The simplest system for doing evaluations is:

Review traces
Cluster common failures into groups
Keep going until 100 samples are labeled as pass/fail
Modify prompt to fix most prominent errors (providing positive and negative examples)
Repeat, ideally using automated methods

Here are some helpful tips:

Be sure to use a representative set of samples so the failures are also representative of the likely errors to occur.
Be sure to do the first pass manually to gain real experience about how the system is failing.
After manual review, consider developing a rubric indicating what conditions would make the response pass/fail. The failure modes identified earlier should be mentioned in the rubric. For example, if the query mentions X and the model doesn’t do Y, then this is a failure. A few examples can be included in the prompt to further guide the model about what is considered passing and failing. Guiding the model to output JSON makes it easy to aggregate results at the end.
Automated LLM-as-a-judge evals can be done through the Together platform — see more here.

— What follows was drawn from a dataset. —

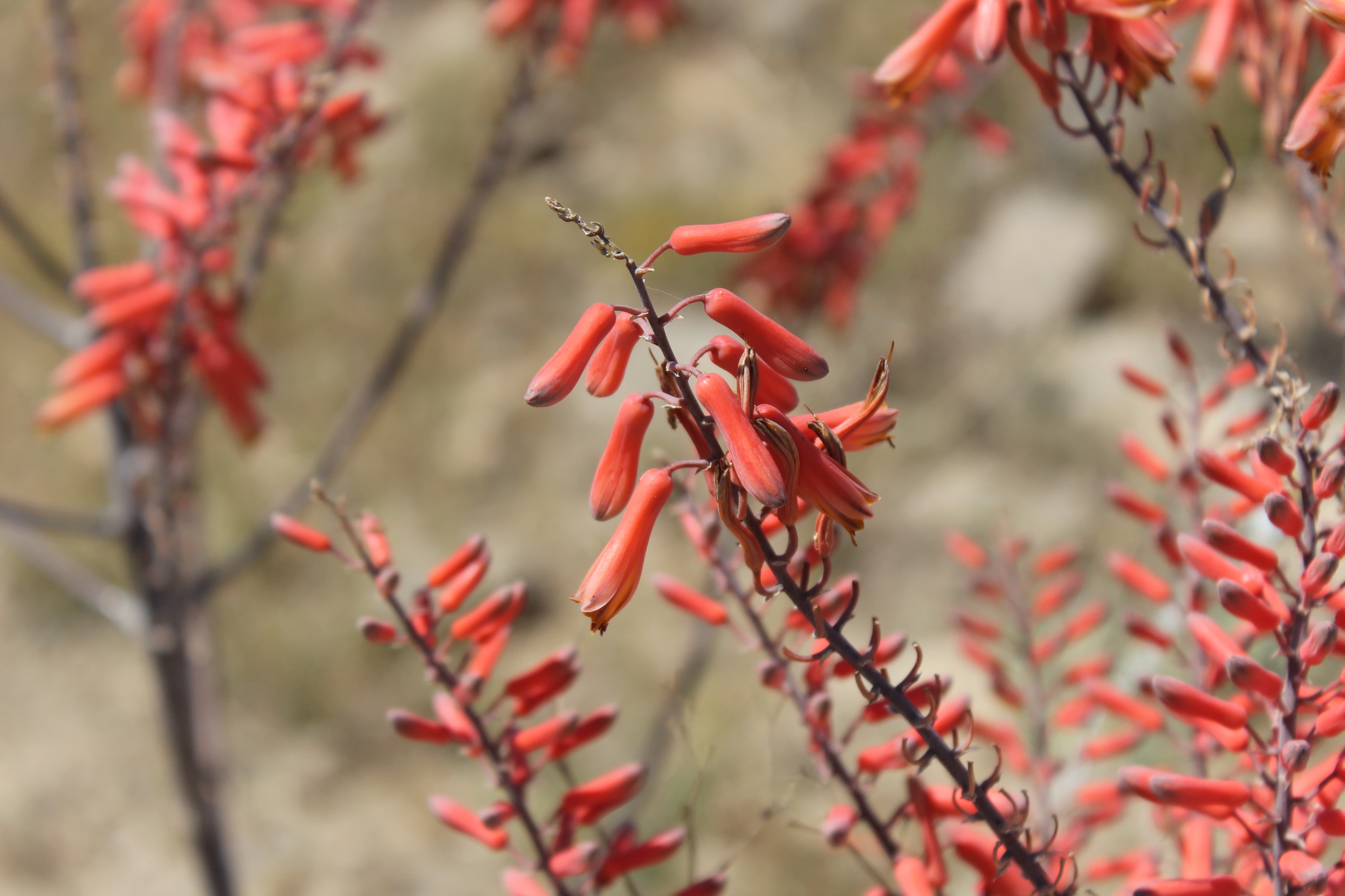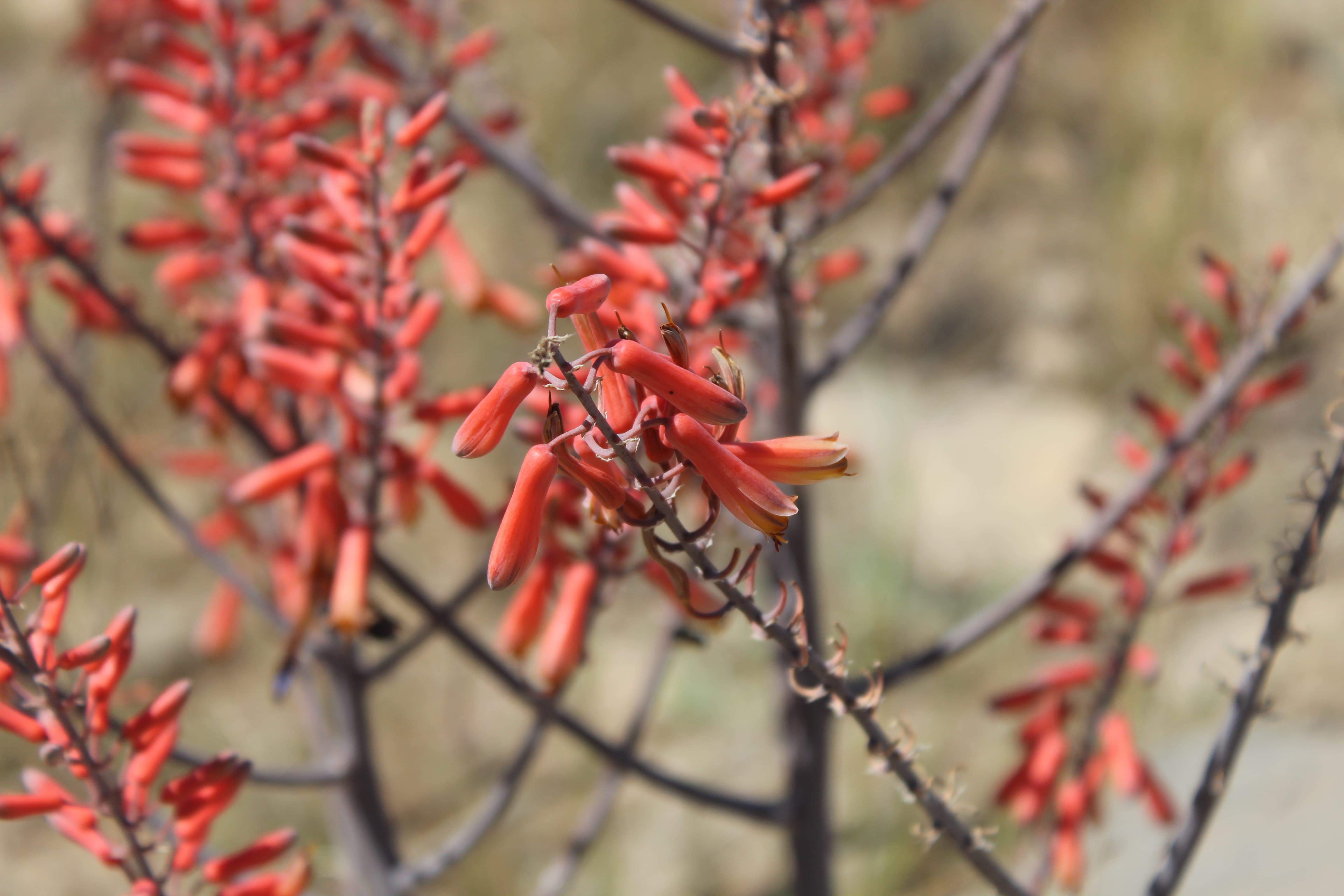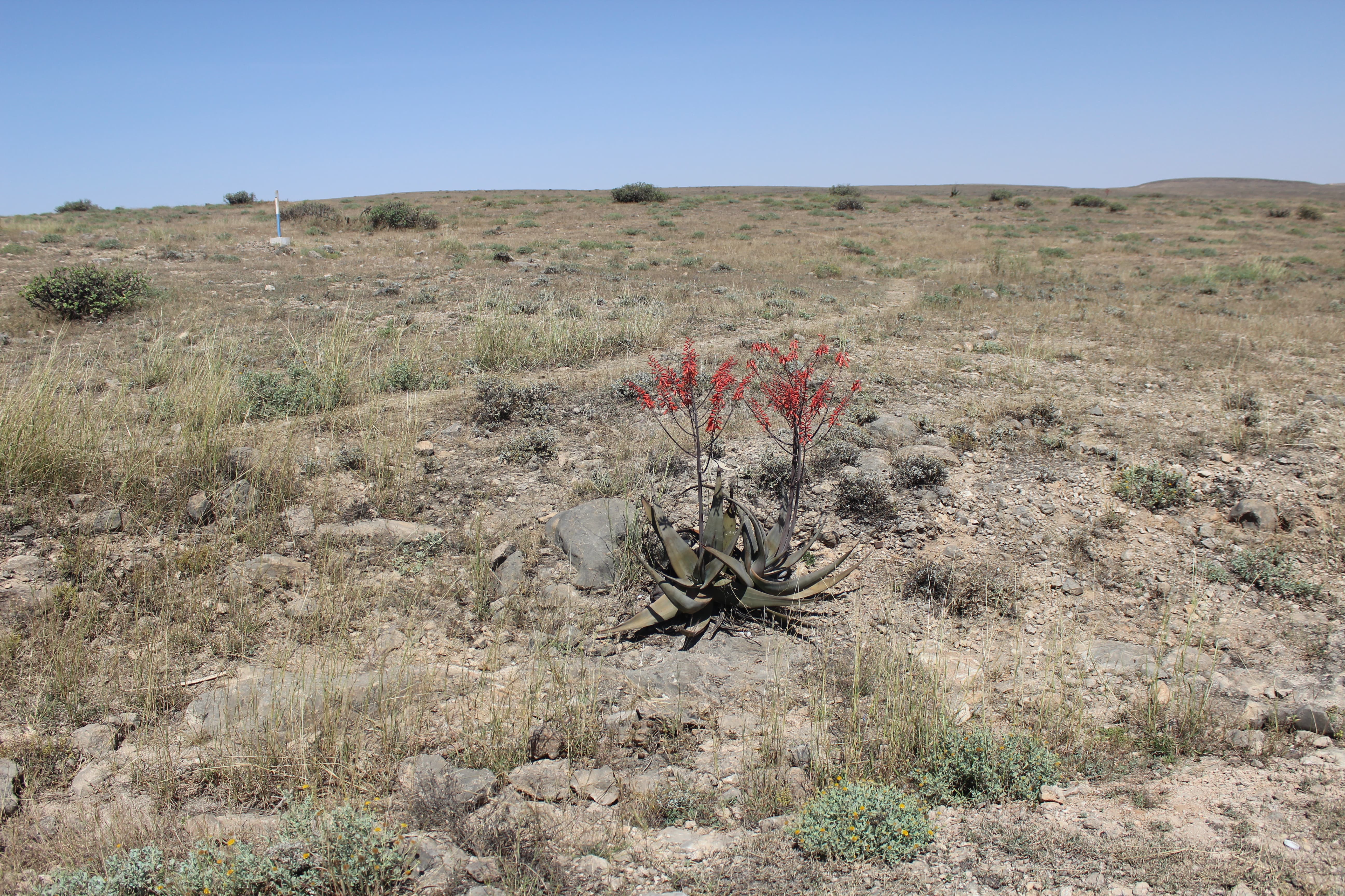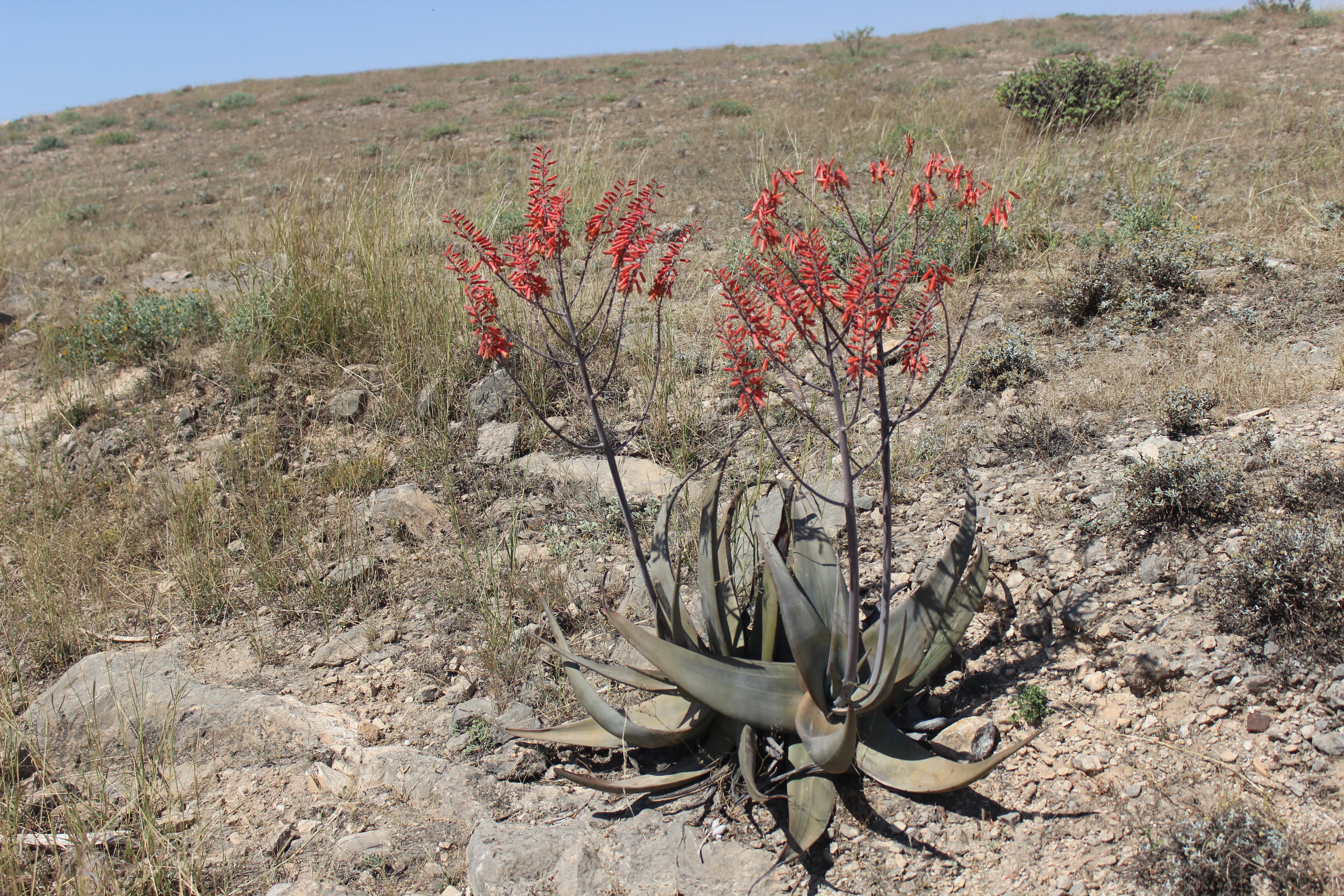 A succulent , perennial herb ; up to 30 cm tall , with yellow sap . Stems ± absent or short . Leaves 10-16 , spirally arranged as a rosette at the base of the stem , succulent with a smooth surface , spreading or ascending , broadly triangular with an acute and often slightly recurved apex , 25-40 cm long x 8-10 cm across , blue-gray without any spots in mature plants . Inflorescences erect or produced at a slant , up to 120 cm tall , with 10-30 , divaricately spreading branches that are often re-branched ; racemes rather short , laxly flowered , flowers often sub-secund ; bracts ovate , with an acute tip , 5-8 x 2 . 5 mm ; pedicels 10 mm long . Flowers tubular , red with greenish brown tips , often yellow at the mouth , glabrous , constricted above the ovary , averaging 25 mm , outer segments free for 7 mm ; filaments yellow ; anthers brown , shortly exserted . Fruit capsule , 20 x 5 mm , 3-valved , held erect , becoming hardened and almost

Fine-tuning for last-mile task adaptation

One major benefit of open models is their potential to be improved if they are fine-tuned for a specific use case. Sometimes, you’ll discover a fast model that is very close in quality for most tasks, but too deficient in others to adopt in production. Fine-tuning or preference optimization may be your solution, as you’re creating a servable artifact attuned to your data and task. This is especially compelling if you already have logged conversations or other production data. The investment in most LoRA SFT fine-tuning experiments is relatively small, and running many experiments with both LoRA and DPO are supported on the Together AI platform today.

FAQ

We’ve discussed many important topics to consider when evaluating open models. Open models are incredibly powerful due to their cost, broad community support, and adaptability through fine-tuning and other model shaping techniques.

Why should I select an open model for my workload?

Open models offer transparency, adaptability, and control.

What legal considerations are relevant when selecting an open model?

The license of the model and its country of origin are examples of legal considerations you may encounter during model selection. Ensure you’re aware of any internal licensing or provenance requirements.

How do I select a model for a specific task?

The table earlier in this post includes a comparison across low, medium, and high parameter count models. Remember the tradeoffs involved: large models are generally smarter but slower, and cost a bit more. Smaller models are usually less capable but significantly faster and cheaper.

How should I evaluate open-source models?

While academic benchmarks are helpful to generally describe a model’s capabilities in some domain or task, understanding what metrics apply to your successful outcomes is the first and most important step. Understand the use case and the metrics that commonly apply to it, and become comfortable regularly running those evaluations and parsing their results.

How can I adapt a model to get better at a task?

Fine-tuning techniques such as LoRA SFT, full fine-tuning, or direct preference optimization can guide a well-performing model to cover gaps in performance. Existing evaluation processes make fine-tuning very powerful, because you can quickly test model quality with a held-out dataset.